====== Data provided ======

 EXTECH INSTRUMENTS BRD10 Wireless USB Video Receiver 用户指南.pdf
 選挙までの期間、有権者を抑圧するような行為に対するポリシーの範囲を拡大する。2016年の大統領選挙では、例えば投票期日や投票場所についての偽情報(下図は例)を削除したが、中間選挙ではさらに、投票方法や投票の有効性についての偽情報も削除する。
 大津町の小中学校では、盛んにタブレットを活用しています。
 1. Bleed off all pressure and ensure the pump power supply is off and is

======
====== Data provided ======

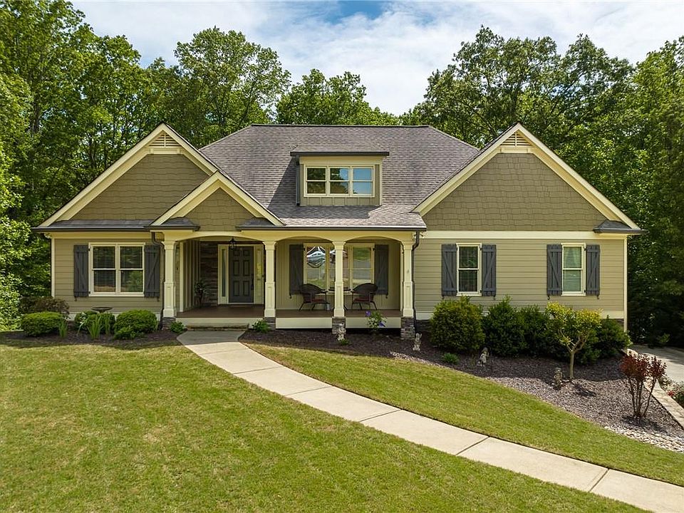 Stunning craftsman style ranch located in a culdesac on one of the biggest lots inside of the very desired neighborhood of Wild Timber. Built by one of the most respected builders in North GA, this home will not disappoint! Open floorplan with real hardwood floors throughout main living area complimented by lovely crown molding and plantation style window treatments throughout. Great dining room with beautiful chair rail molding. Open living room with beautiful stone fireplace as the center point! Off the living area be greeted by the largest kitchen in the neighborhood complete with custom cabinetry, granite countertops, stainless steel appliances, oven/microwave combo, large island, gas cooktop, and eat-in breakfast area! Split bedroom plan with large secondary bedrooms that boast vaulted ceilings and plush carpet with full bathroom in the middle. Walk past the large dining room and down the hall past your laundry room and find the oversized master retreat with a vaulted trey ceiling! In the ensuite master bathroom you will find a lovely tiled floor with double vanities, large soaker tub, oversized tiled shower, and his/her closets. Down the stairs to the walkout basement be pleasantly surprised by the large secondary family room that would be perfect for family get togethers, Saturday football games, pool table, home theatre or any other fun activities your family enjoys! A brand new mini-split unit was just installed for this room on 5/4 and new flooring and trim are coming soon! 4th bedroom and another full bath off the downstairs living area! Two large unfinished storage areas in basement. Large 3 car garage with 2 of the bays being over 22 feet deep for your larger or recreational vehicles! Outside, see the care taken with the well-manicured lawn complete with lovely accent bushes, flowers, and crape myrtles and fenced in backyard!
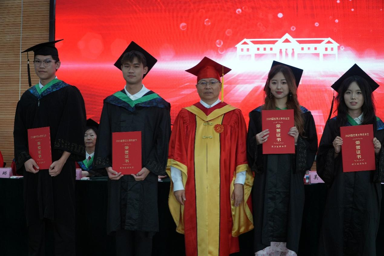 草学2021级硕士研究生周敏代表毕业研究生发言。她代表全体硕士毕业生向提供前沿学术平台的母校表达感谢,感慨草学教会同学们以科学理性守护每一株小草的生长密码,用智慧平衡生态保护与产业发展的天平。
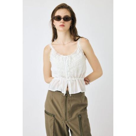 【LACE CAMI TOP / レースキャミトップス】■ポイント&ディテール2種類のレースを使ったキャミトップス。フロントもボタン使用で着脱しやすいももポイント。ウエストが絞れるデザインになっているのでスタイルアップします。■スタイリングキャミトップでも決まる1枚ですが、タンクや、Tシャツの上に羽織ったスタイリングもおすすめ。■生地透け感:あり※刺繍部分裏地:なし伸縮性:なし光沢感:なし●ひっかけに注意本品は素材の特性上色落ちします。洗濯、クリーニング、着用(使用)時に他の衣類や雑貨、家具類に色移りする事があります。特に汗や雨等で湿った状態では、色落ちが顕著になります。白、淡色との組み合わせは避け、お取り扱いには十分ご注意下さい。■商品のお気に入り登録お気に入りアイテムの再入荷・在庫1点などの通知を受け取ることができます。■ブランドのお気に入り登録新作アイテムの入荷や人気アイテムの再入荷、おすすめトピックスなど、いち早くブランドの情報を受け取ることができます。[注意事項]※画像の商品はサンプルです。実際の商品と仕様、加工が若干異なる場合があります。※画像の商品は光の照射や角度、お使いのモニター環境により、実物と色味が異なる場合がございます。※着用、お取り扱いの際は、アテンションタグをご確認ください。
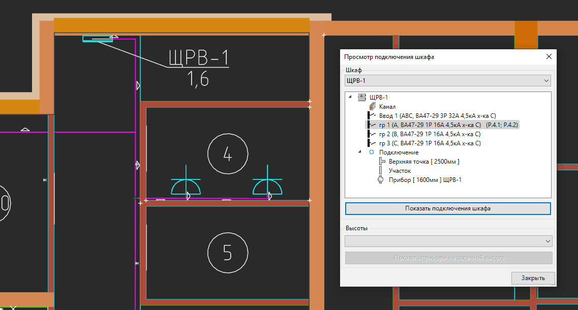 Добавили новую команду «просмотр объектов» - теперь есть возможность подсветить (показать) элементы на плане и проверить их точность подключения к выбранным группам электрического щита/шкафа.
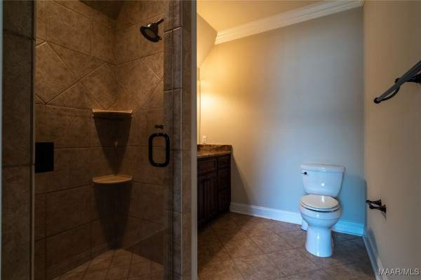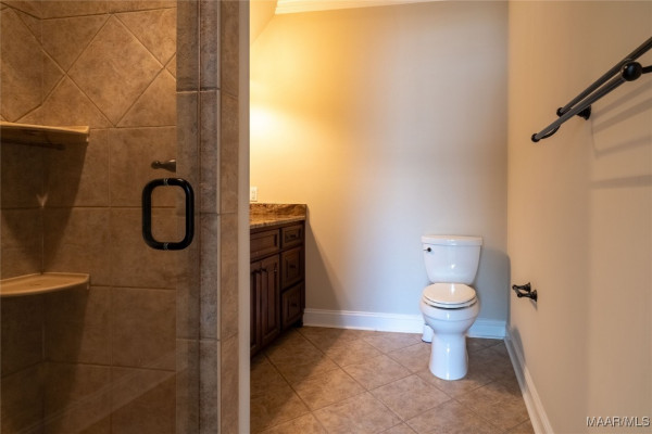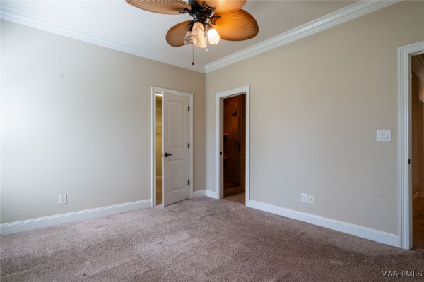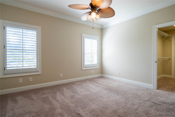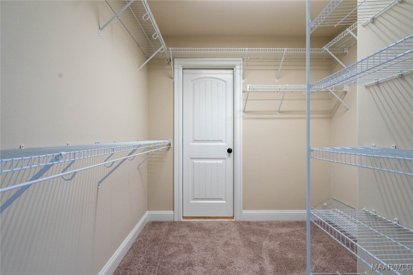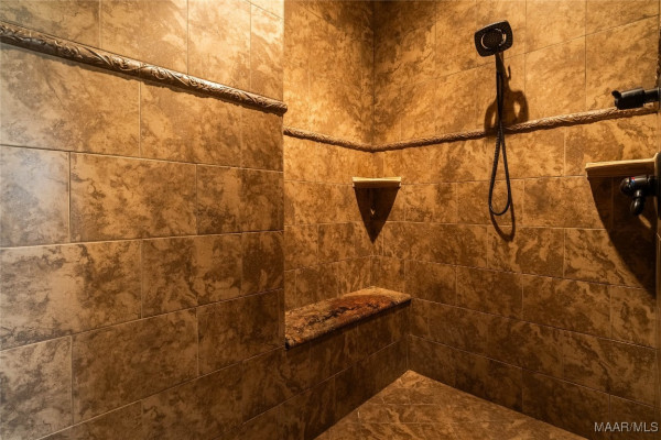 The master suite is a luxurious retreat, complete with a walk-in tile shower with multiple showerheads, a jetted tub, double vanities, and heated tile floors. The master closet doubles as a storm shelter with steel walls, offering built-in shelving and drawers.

======

Task: Please output the lines of the listing above that fall in the stretch from the one with "大津町の小中学校では、盛んにタブレットを活用しています。" through the one with "1. Bleed off", exactly and only those.

Task answer:
 大津町の小中学校では、盛んにタブレットを活用しています。
 1. Bleed off all pressure and ensure the pump power supply is off and is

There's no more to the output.